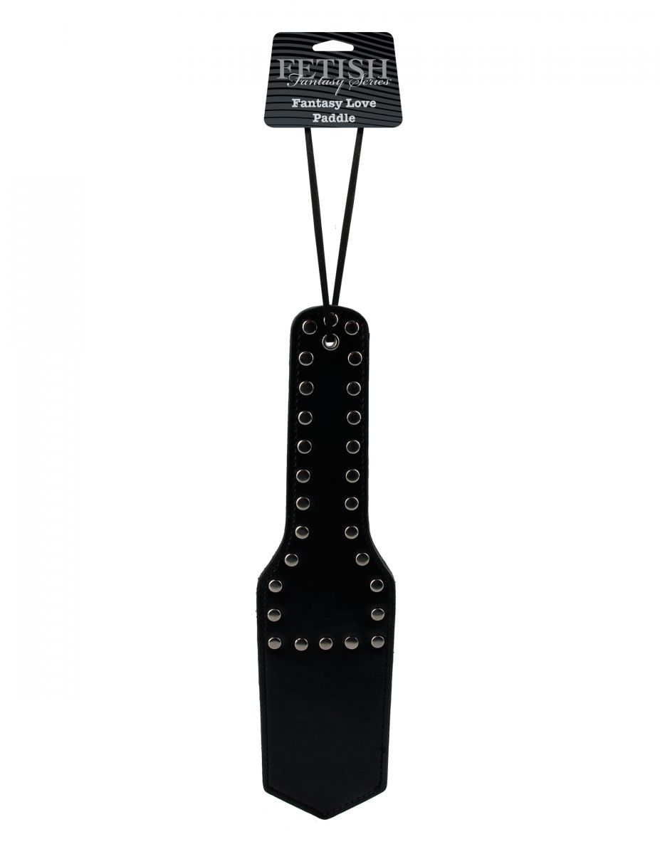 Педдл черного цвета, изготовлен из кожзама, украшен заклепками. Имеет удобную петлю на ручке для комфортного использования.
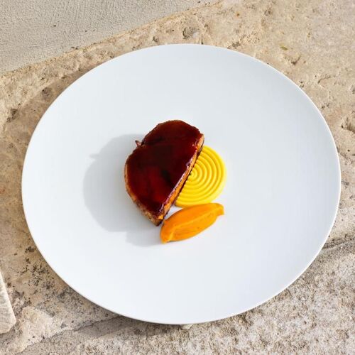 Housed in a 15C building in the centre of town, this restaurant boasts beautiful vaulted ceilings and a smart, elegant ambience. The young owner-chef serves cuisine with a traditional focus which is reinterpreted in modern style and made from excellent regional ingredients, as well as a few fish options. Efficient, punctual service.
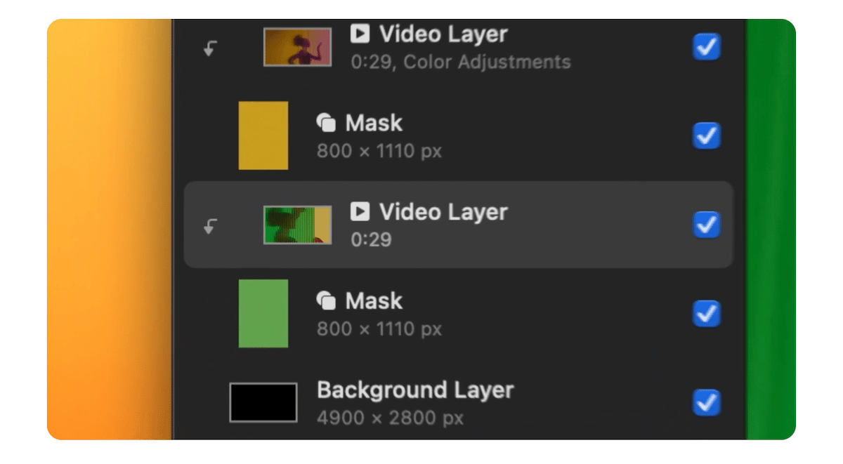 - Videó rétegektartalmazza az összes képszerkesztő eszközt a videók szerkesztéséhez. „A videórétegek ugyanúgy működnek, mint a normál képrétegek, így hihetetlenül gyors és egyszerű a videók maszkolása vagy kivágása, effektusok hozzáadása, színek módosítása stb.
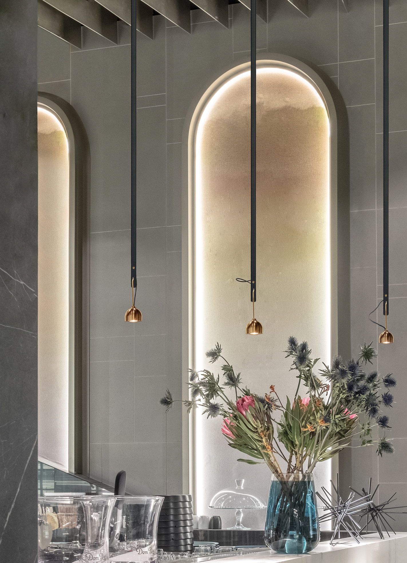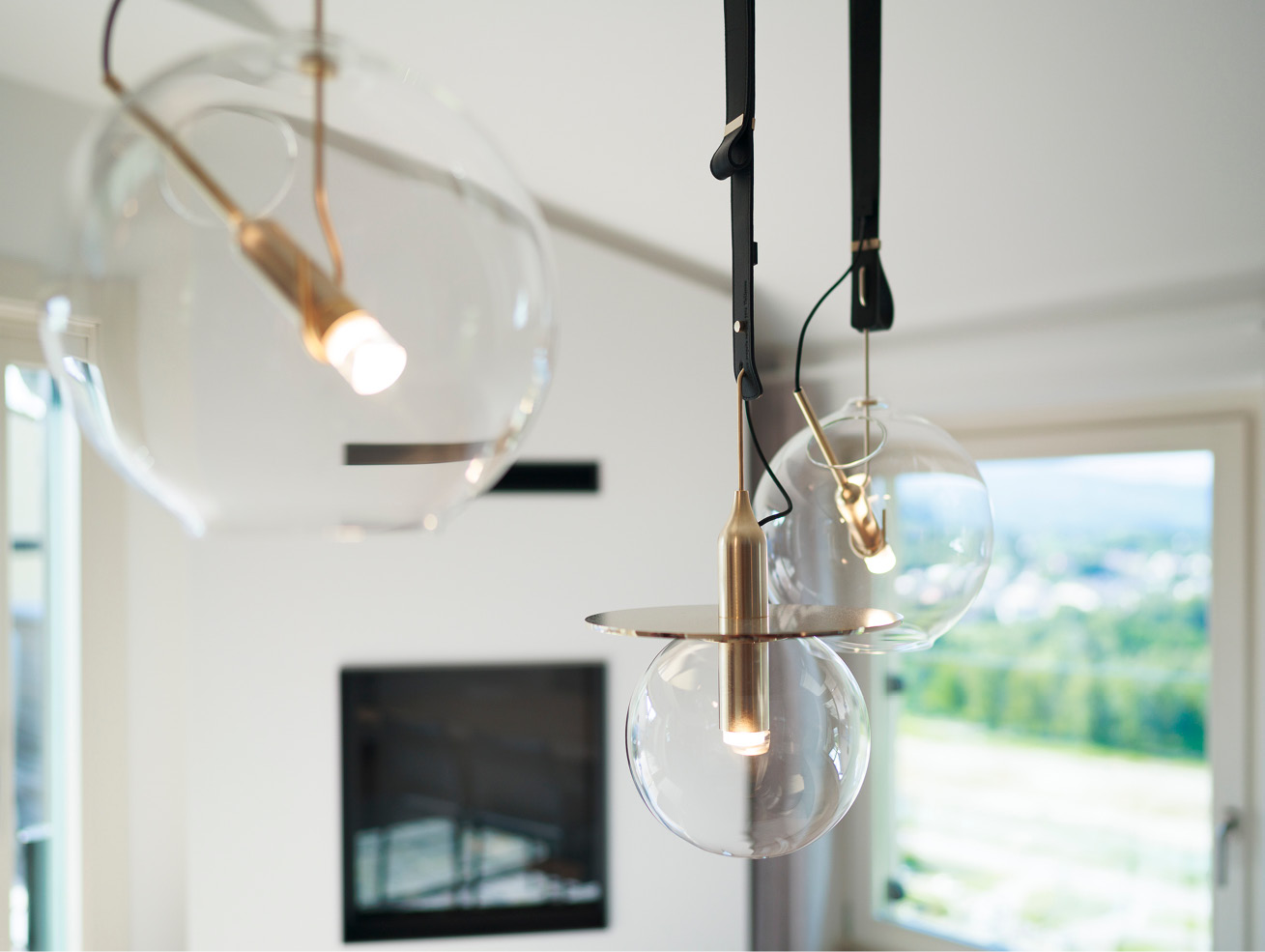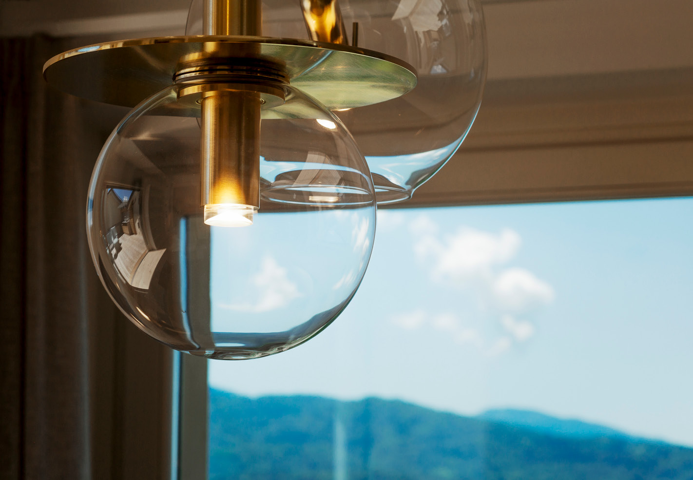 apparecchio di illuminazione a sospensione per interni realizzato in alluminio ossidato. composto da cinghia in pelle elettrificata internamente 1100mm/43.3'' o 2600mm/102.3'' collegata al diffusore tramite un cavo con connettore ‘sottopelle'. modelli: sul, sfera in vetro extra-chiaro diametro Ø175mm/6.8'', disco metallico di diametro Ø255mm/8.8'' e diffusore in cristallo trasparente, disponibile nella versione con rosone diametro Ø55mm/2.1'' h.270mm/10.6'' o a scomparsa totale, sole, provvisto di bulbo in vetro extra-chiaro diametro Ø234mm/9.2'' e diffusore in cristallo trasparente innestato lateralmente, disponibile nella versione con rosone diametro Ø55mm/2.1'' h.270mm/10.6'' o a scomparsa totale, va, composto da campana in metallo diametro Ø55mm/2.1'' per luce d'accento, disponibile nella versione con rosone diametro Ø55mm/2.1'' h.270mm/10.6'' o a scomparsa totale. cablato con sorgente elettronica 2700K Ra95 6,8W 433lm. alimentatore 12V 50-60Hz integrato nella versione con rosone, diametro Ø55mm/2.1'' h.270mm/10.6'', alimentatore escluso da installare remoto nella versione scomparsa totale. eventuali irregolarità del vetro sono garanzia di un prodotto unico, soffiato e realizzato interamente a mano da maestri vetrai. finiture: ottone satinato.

▶ _Aim of the task_:
Please return only the lines from the top of the data through the line with "- Videó rétegektartalmazza", exactly as written, and drop every picture.

▶ _Your response_:
 Педдл черного цвета, изготовлен из кожзама, украшен заклепками. Имеет удобную петлю на ручке для комфортного использования.
 Housed in a 15C building in the centre of town, this restaurant boasts beautiful vaulted ceilings and a smart, elegant ambience. The young owner-chef serves cuisine with a traditional focus which is reinterpreted in modern style and made from excellent regional ingredients, as well as a few fish options. Efficient, punctual service.
 - Videó rétegektartalmazza az összes képszerkesztő eszközt a videók szerkesztéséhez. „A videórétegek ugyanúgy működnek, mint a normál képrétegek, így hihetetlenül gyors és egyszerű a videók maszkolása vagy kivágása, effektusok hozzáadása, színek módosítása stb.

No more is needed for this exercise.